Earthquakes occur when tectonic plates, the massive slabs of Earth's lithosphere, move and interact. This movement builds up stress, which is released suddenly, causing seismic waves.

The Earth's lithosphere is divided into several tectonic plates that are in constant motion. These plates can move towards each other (convergent boundaries), away from each other (divergent boundaries), or slide past each other (transform boundaries). The friction and resistance at these boundaries cause stress to accumulate. When this stress surpasses the rock's elastic limit, it results in a rupture along a fault line, leading to an earthquake. The point where the rupture begins is called the focus or hypocenter, and the point directly above it on the Earth's surface is the epicenter.

Types of Seismic Waves

When an earthquake occurs, it generates different types of seismic waves that travel through the Earth. These waves are broadly categorized into body waves (P-waves and S-waves) and surface waves (Love waves and Rayleigh waves).

Wave Type	Speed	Motion	Medium
P-wave (Primary)	Fastest	Compressional (push-pull)	Solid, Liquid, Gas
S-wave (Secondary)	Slower than P-wave	Shear (side-to-side)	Solid only
Love wave	Slower than S-wave	Horizontal shearing	Surface of Earth
Rayleigh wave	Slowest	Rolling motion (like ocean waves)	Surface of Earth

Measuring Earthquakes

The intensity and magnitude of earthquakes are measured using seismographs and quantified by specific scales. Two primary scales are used: the Richter scale and the Moment Magnitude Scale (MMS).

Magnitude measures the energy released, while intensity describes the shaking's effect.

The Richter scale, though widely known, has been largely superseded by the Moment Magnitude Scale (MMS) for measuring the energy released by an earthquake. Intensity scales, like the Modified Mercalli Intensity (MMI) scale, describe the observed effects of the earthquake on people, buildings, and the environment.

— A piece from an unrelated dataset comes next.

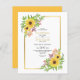 BUDGET Amarelo girassol cor d'água e moldura dourada Convite para casamento floral. Este bonito design apresenta uma moldura dourada e aquarela amarela, girassóis e folhas e bagas nos cantos superior esquerdo e inferior direito e seu texto em ouro e preto.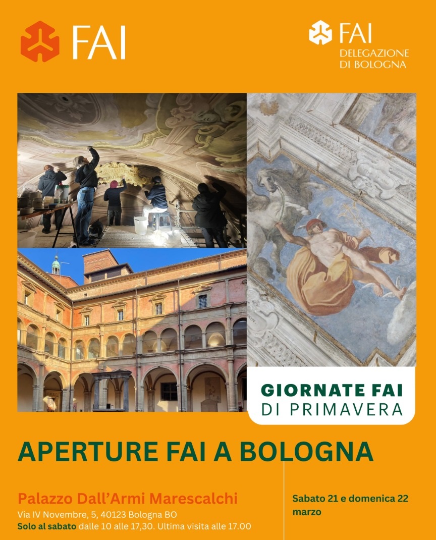 Il 21 marzo 2026, in occasione della 34ma edizione delle “Giornate FAI di Primavera”, le SABAP-MET-BO e SABAP-MO-RE-FE apriranno al pubblico la sede di Palazzo Marescalchi a Bologna partecipando al progetto “Apprendisti ciceroni” promosso dal FAI in collaborazione con i ragazzi del liceo Linguistico e Scientifico Scienze applicate dell’istituto Majorana di San Lazzaro di Savena (Bo). Grazie all’iniziativa, i cittadini potranno visitare alcune stanze del piano nobile che conservano affreschi di Guido Reni e della scuola dei Carracci e la raffinata sala ovale con la volta decorata dal celebre pittore neoclassico Felice Giani raffigurante episodi del primo libro dell’Eneide con al centro il banchetto di Enea e Didone. Le visite guidate si terranno durante tutto l’arco della giornata, dalle 10 alle 17.30, con ultima visita in partenza alle 17. Sono previste anche due visite in lingua: alle 11.40 in lingua georgiana e alle 15.20 in lingua russa. Ingresso libero fino ad esaurimento dei posti disponibili. Tutte le visite sono a contributo gratuito per sostenere la missione del FAI. Per informazioni: 051 233881 – bologna@delegazionefai.fondoambiente.it

The Richter scale, developed by Charles Richter in 1935, measures the amplitude of the largest seismic wave recorded by a seismograph. It is a logarithmic scale, meaning that each whole number increase represents a tenfold increase in wave amplitude and about 32 times more energy released. However, the Richter scale is most accurate for moderate earthquakes and can saturate for very large ones. The Moment Magnitude Scale (MMS), denoted as Mw, is now the preferred method for measuring earthquake size. It is based on the seismic moment, which is a measure of the total energy released by an earthquake, calculated from the area of fault rupture, the amount of slip, and the rigidity of the rocks. The Modified Mercalli Intensity (MMI) scale, on the other hand, is an intensity scale that measures the effects of an earthquake at a particular location. It uses Roman numerals from I (not felt) to XII (catastrophic destruction) and is based on observed damage and human perception.

What is the primary difference between earthquake magnitude and intensity?

Magnitude measures the energy released at the earthquake's source, while intensity measures the shaking's effects at a specific location.

Distribution of Earthquakes

Earthquakes are not uniformly distributed across the Earth's surface. They are concentrated in specific zones, primarily along the boundaries of tectonic plates. These zones are known as seismic belts or zones of seismic activity.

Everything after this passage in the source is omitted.